Highlights of This Issue

A standard minimal residual disease therapy for children with high-risk neuroblastoma is the combination of anti-GD2 monoclonal antibody with GM-CSF, IL2 and isotretinoin. Half of children with this disease, however, will succumb to recurrent disease. In this phase II clinical trial, Shusterman and colleagues investigated the utility of a humanized anti-GD2 antibody conjugated to IL2 (Hu14.18-IL2) in combination with GM-CSF and isotretinoin. This altered regimen was, generally, well tolerated. Furthermore, 5 of 31 patients demonstrated an objective response to this combination, with responses only observed in patients with non-bulky disease. These results support continued assessment of Hu14.18-IL2 in neuroblastoma.

Despite recent advances in the treatment of metastatic renal cell carcinoma, effective biomarkers remain unidentified. Flaifel and colleagues assessed the association of PD-L1 expression levels with response to targeted therapies using baseline tissue biopsies from the METEOR and CABOSUN trials. Patients whose tumor cells express PD-L1 had poor prognosis, regardless of treatment. Furthermore, cabozantinib treatment was superior to treatment with everolimus or sunitinib, regardless of PD-L1 expression. These results strongly favor the incorporation of cabozantinib into first-line therapeutic strategies for metastatic renal cell carcinoma, particularly those negative for PD-L1.

Recent work has proposed the importance of clusters of circulating tumor cells (CTCs) in metastasis. To address this potential marker in breast cancer, Paoletti and colleagues analyzed CTC data from the SWOG S0500 trial. Patients who had CTC doublets and/or clusters at baseline had poorer overall survival than patients without CTC doublets/clusters. However, doublets/clusters were correlated with higher levels of total baseline CTCs, indicating that the poor prognosis seen in these patients may instead be a function of higher total CTC levels. To this end, there was no significant difference in overall survival among patients with high levels of CTCs when stratified by the presence or absence of doublets/clusters. These data challenge the notion that CTC clusters are prognostic in cancer, indicating that more stringent analysis of this potential marker is needed across cancer types.

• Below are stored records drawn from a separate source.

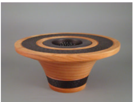
Pat Lloyd – Ikebana – Cherry w/ Black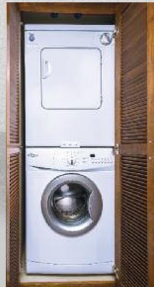
Optional washer and dryer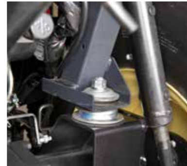
Factory-installed for precision

A system of anti-vibration rubber body mounts has been designed to reduce both vibration and noise while you work, giving you a comfortable ride and keeping you from the conventional wear and tear of extended hours on the job.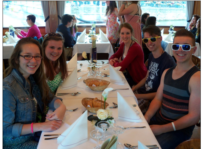
Above left: Students perform at Vimy Ridge in France.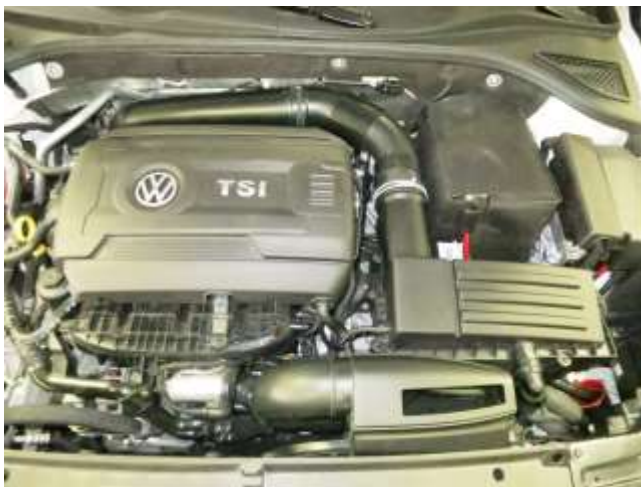
f. Factory air induction system.

e. Route the retained hose from the airbox to the end of the filter and rotate the fitting in the end of the hose to align it with the end of the filter. Install the adapter into the end of the filter and rotate the filter for best alignment before inserting the hose into the fitting until it clicks to indicate engagement on both sides. Torque all three hose clamps to 30 in-lbs.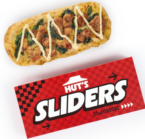
Truffle Spinach Chicken Hut's Slider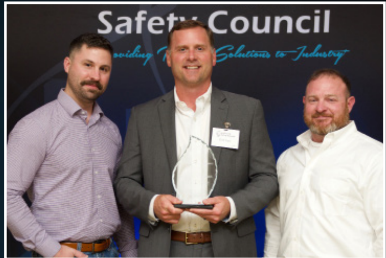
SPECIALTY WELDING AND TURNAROUNDS SHELL ENERGY & CHEMICALS PARK NORCO

ENVIRONMENTAL SERVICES 25,000 - 50,000 W-H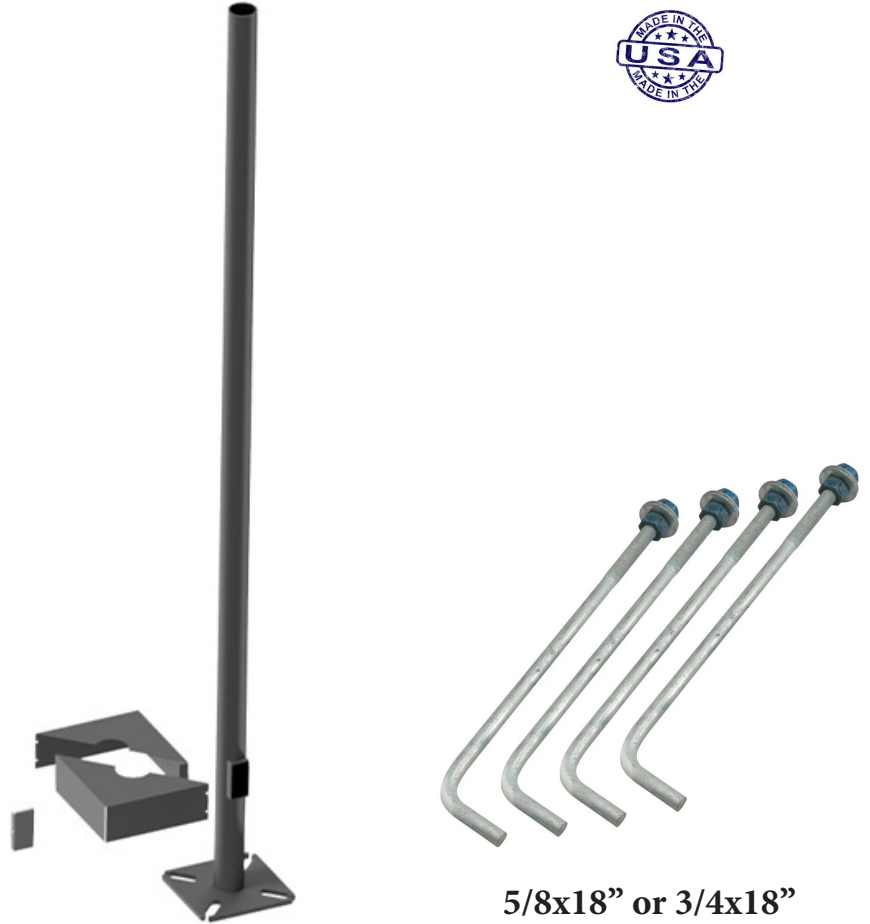
5/8x18" or 3/4x18"

Grounding hole provided inside hand hole.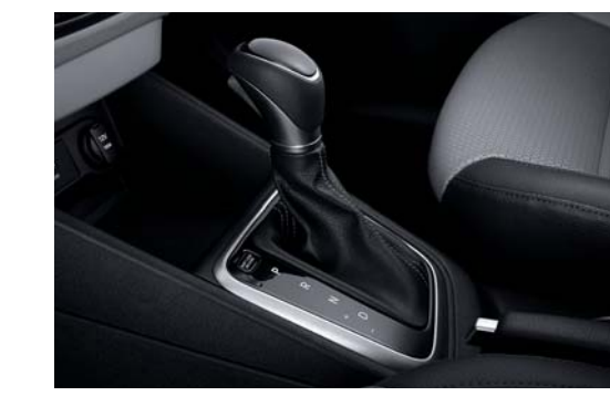
6-speed automatic transmission

You will hardly notice this 6-speed gearbox doing its work. Automatic shifting is quick, smooth and quiet but also very convenient. Its efficient design helps maximize fuel economy.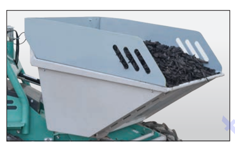
TuffTruk Extension Kit — TTE — 33.4 or 29.0 inch width, ideal for increased capacity when carrying light loads.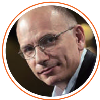
Enrico Letta The 55 th Prime Minister of Italy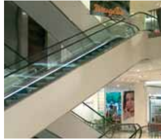
Primed sheet steel cladding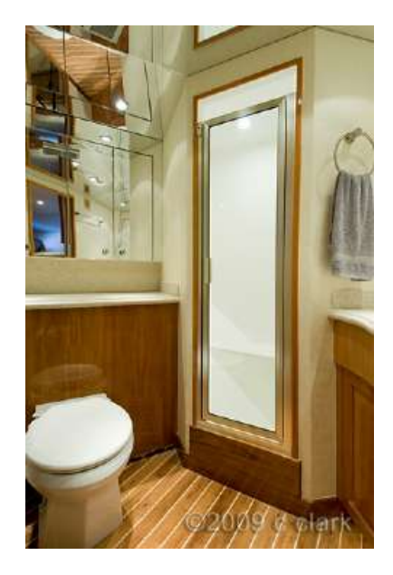
Starboard Guest Head

Patients with relapsed small-cell lung cancer (SCLC) rarely undergo biopsy, and when they do, the tissue is often insufficient for molecular analysis. In this study, Devarakonda and colleagues assessed ctDNA profiles of SCLC patients using the commercially available Guardant360 platform. Using this platform, mutations were identified in actionable targets, including DNA repair genes, members of the MAPK and PI3K pathways, and the androgen receptor. Furthermore, the test turnaround time was sufficiently short to impact treatment decisions (median 14 days). These results suggest that this NGS platform for ctDNA has the potential to guide clinical decisions for SCLC patients.